After upgrading from 6.1 to a 6.4 or 7.x release, jobs that were previously running are now failing with the following error:
WARN [<timestamp>] [ConcurrentJobExecutor-0] (DefaultMrJobClient.java:185) - attempt_<id>: Container [pid=<pid>,containerID=container_<id>] is running beyond physical memory limits. Current usage: <value> GB of <value> GB physical memory used.
Configuring the typical memory parameters and increasing their values does not alleviate the problem:
Additionally, increasing the off-heap memory space by using the heap fraction parameter does not alleviate the issue until set to 0.5. Reducing the heap fraction by this significant of an amount requires the overall container memory be increased, since half of the container will be dedicated to off-heap.
In very busy clusters, the YARN resource manager is more strict about memory limits. This strict behavior combined with the high rate of direct memory buffers being allocated by the implementation of Parquet leads to containers being killed before JVM Garbage Collection can occur.
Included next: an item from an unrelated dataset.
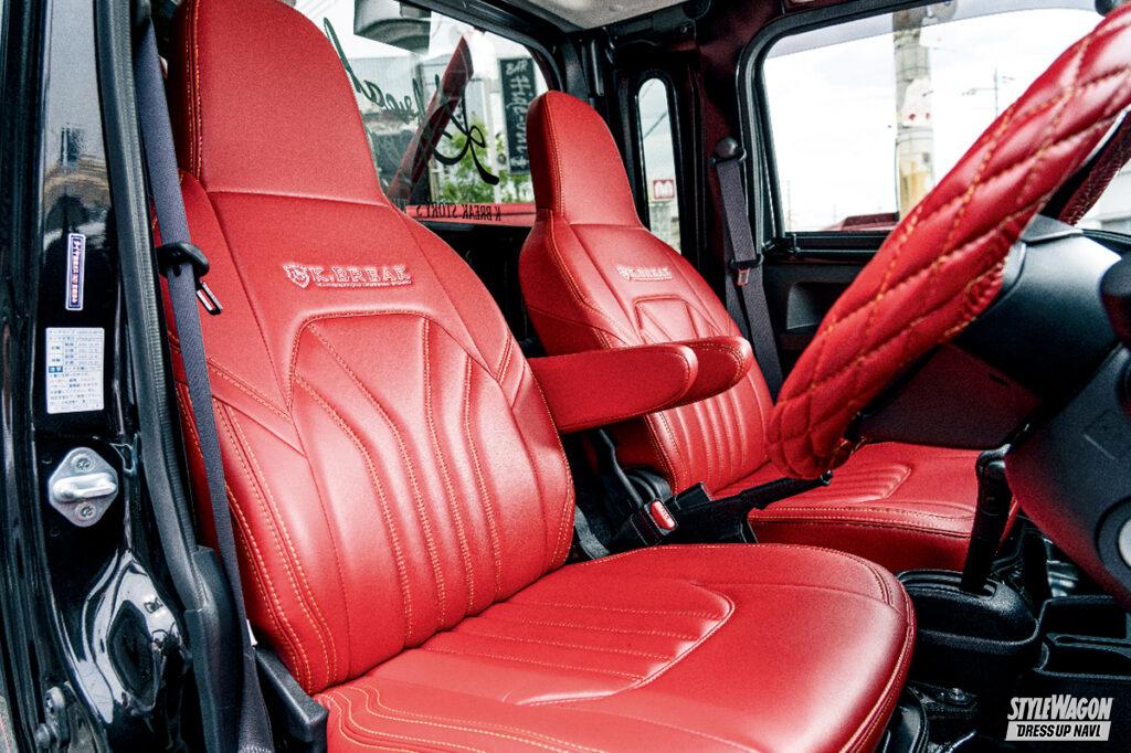 軽トラはあくまでも商用車だから質感が質素なのは仕方ないが、ケイブレイクの内装アイテムを活用すれば高級な空間に仕上がる。特に目立つのが4種類の組み合わせから選べるヴィーナスラインHGイタリーシートカバー。

To mitigate this issue, the fraction of memory dedicated to off-heap operations should be slightly increased - and the amount of Direct Memory allocated within the JVM should be bound to 25% of the total container memory.
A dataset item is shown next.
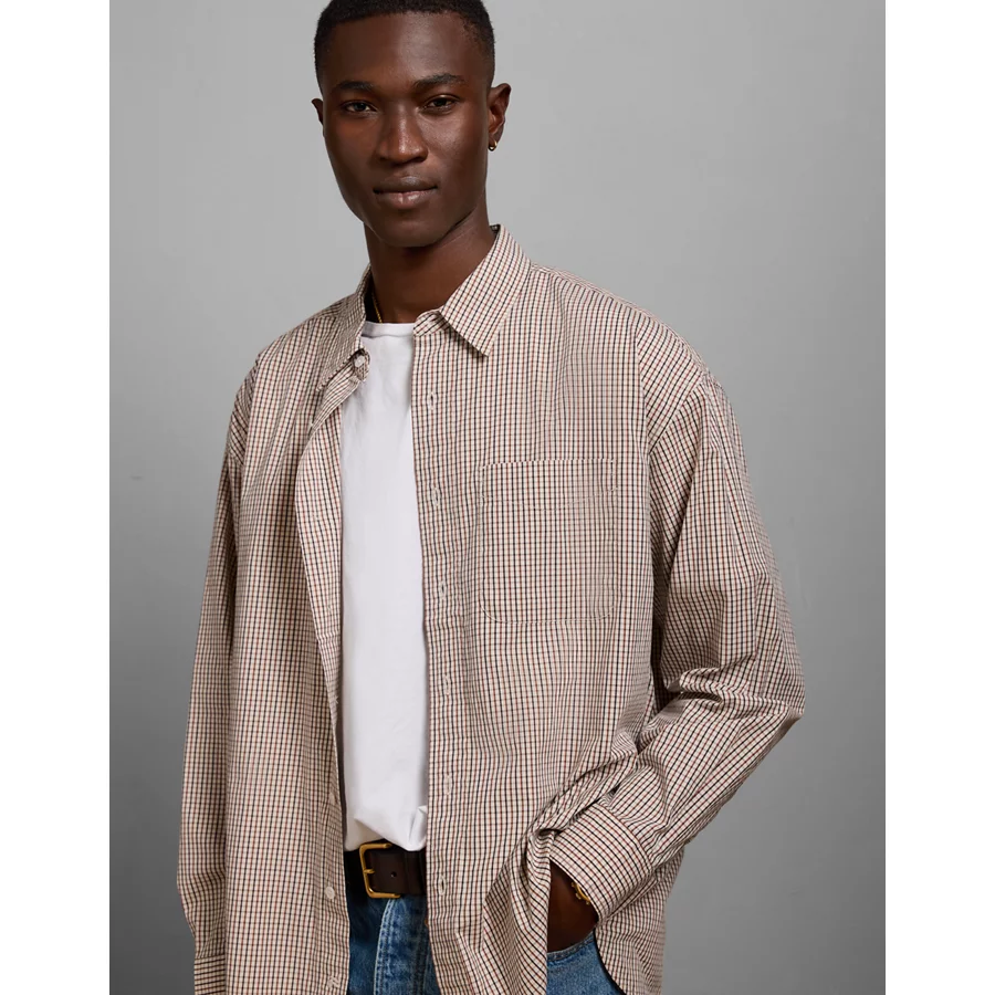 AE77 Premium Relaxed Striped Poplin Button-Up Shirt – Khaki

To do this, we need to add -XX:MaxDirectMemorySize to the current tez.task.launch.cmd-opts string. To determine what the current value is - download a Full Job Trace for a successful job and open the job-conf-cluster.xml. Note the value. The default value is: -XX:+PrintGCDetails -verbose:gc -XX:+PrintGCTimeStamps -XX:+UseNUMA -XX:+UseParallelGC
As an example, if working with a 4GB container the following properties should be used:
tez.task.launch.cmd-opts=-XX:+PrintGCDetails -verbose:gc -XX:+PrintGCTimeStamps -XX:+UseNUMA -XX:+UseParallelGC -XX:MaxDirectMemorySize=1024m
Heap Fraction is a percentage of the overall container memory. By setting a heap fraction of 0.7 we are allocating 30% of the 4GB to off-heap operations. So by setting a Direct Memory size of 25% while allocating 30% to off-heap, it should not be possible to overrun the off-heap memory space.